🤖 AI Summary
Conventional fault-tolerance mechanisms—such as ECC and hardware redundancy—are inadequate against permanent hardware faults in spaceborne processors induced by high-energy radiation and adversarial attacks.
Method: This paper proposes a detection–response fault-tolerant architecture integrating physical-layer sensing, instruction-level software-adaptive reconfiguration, and FPGA-based partial reconfiguration at the hardware level. It introduces an on-chip delay sensor for pre-fault radiation sensing and enables, for the first time, dynamic instruction remapping and resource-level self-healing reconfiguration under permanent faults.

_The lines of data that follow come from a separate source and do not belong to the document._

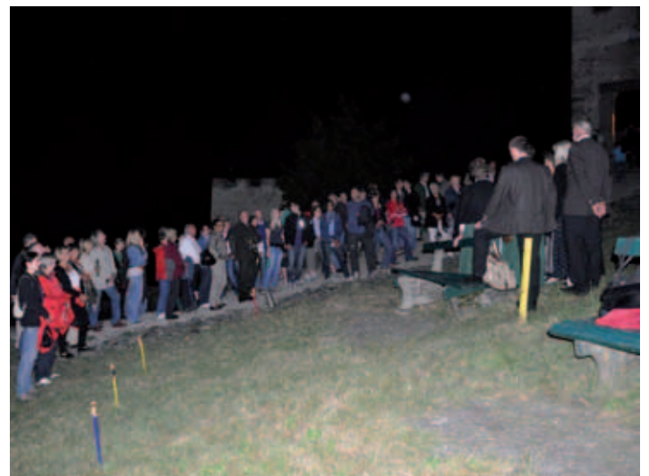
2011 – Vollmondwanderung auf die Burg Hochosterwitz
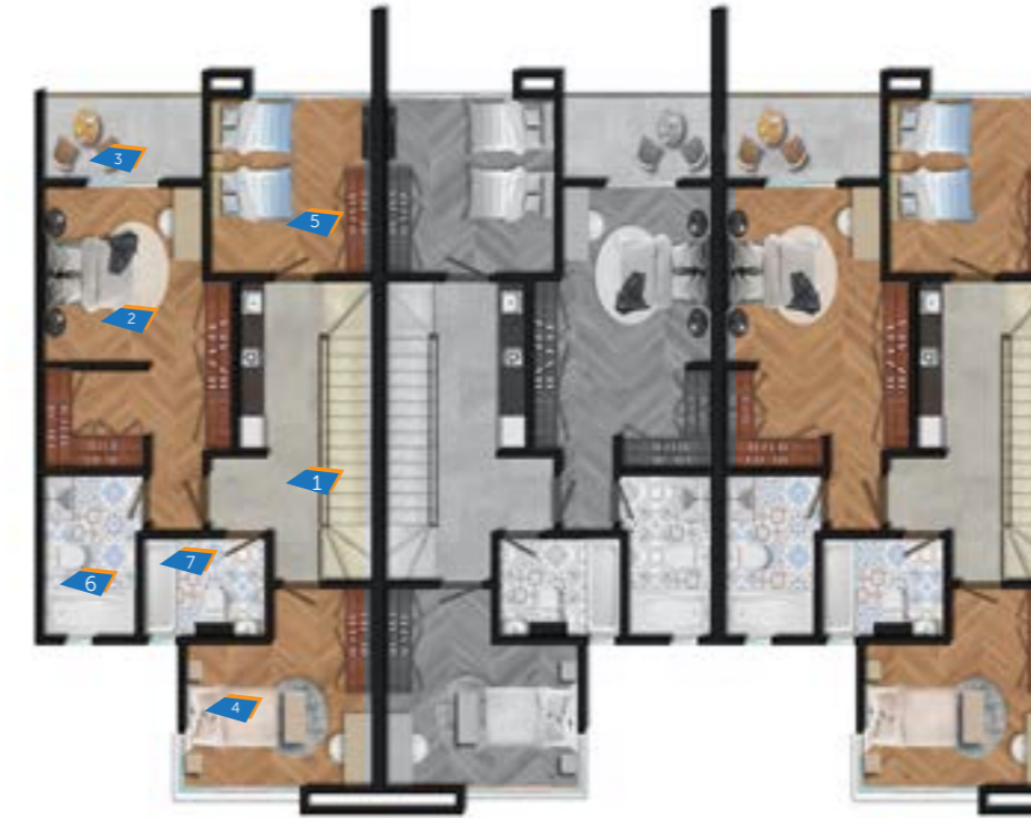
Townhouse A3 (1) First floor
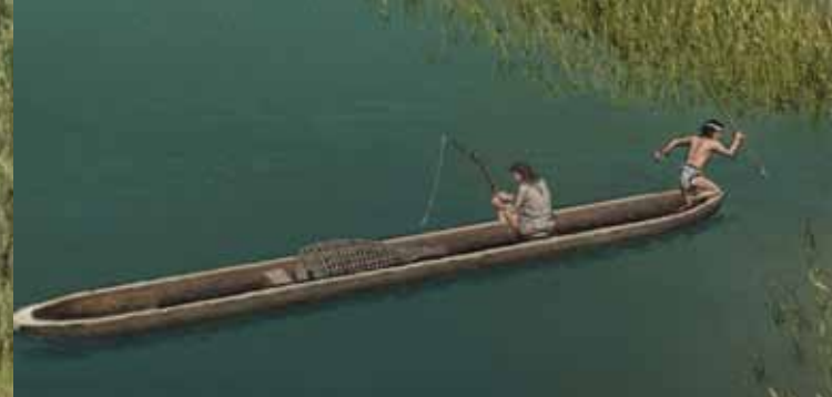
Ribiča na deblaku.
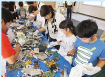
小型家電の中には貴重な金属がいっぱい！リサイクル体験しました。
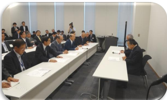
井上公明党幹事長への要請
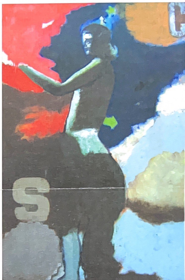
"Idolo del fuoco", 2005 - olio su tela 120x80

apocalisse ecologica. Accanto ci sono gli idoli della pubblicità e dell'informazione che propagandano e informano fino al condizionamento con sofisticate tecniche di persuasione. E infine al vertice del potere gli idoli della politica, fanatici sostenitori della democrazia, grandi manipolatori, maestri dell'inganno, che fanno della menzogna la loro più grande arte. Sotto la maschera della civiltà, del progresso e della libertà, questi idoli nascondono le loro miopi ed egoistiche ambizioni. Protagonisti pericolosi del nostro tempo, essi rappresentano il lato oscuro della civiltà tecnologica, quella forza sovvertitrice dell'ordine ecologico preesistente, che con uno processo dissociativo, altera gli indispensabili equilibri tradizionali dell'ambiente.
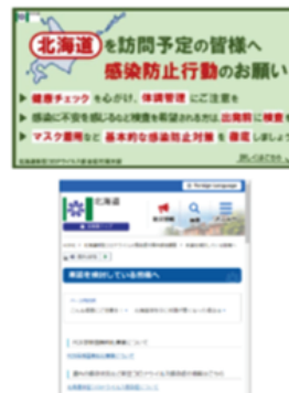
<道外の方へSNSによる発信(GW期間中)>

Contribution/Results: Implemented on a 28 nm FPGA-based RISC-V processor, the architecture detects and recovers from diverse soft and hard errors while ensuring continuous system operation. Experimental evaluation demonstrates sub-100 ns fault detection and response latency and hardware reconfiguration recovery time under 5 ms.
📝 Abstract
Satellites are highly vulnerable to adversarial glitches or high-energy radiation in space, which could cause faults on the onboard computer. Various radiation- and fault-tolerant methods, such as error correction codes (ECC) and redundancy-based approaches, have been explored over the last decades to mitigate temporary soft errors on software and hardware. However, conventional ECC methods fail to deal with hard errors or permanent faults in the hardware components. This work introduces a detection- and response-based countermeasure to deal with partially damaged processor chips. It recovers the processor chip from permanent faults and enables continuous operation with available undamaged resources on the chip. We incorporate digitally-compatible delay-based sensors on the target processor's chip to reliably detect the incoming radiation or glitching attempts on the physical fabric of the chip, even before a fault occurs. Upon detecting a fault in one or more components of the processor's arithmetic logic unit (ALU), our countermeasure employs adaptive software recompilations to resynthesize and substitute the affected instructions with instructions of still functioning components to accomplish the task. Furthermore, if the fault is more widespread and prevents the correct operation of the entire processor, our approach deploys adaptive hardware partial reconfigurations to replace and reroute the failed components to undamaged locations of the chip. To validate our claims, we deploy a high-energy near-infrared (NIR) laser beam on a RISC-V processor implemented on a 28~nm FPGA to emulate radiation and even hard errors by partially damaging the FPGA fabric. We demonstrate that our sensor can confidently detect the radiation and trigger the processor testing and fault recovery mechanisms. Finally, we discuss the overhead imposed by our countermeasure.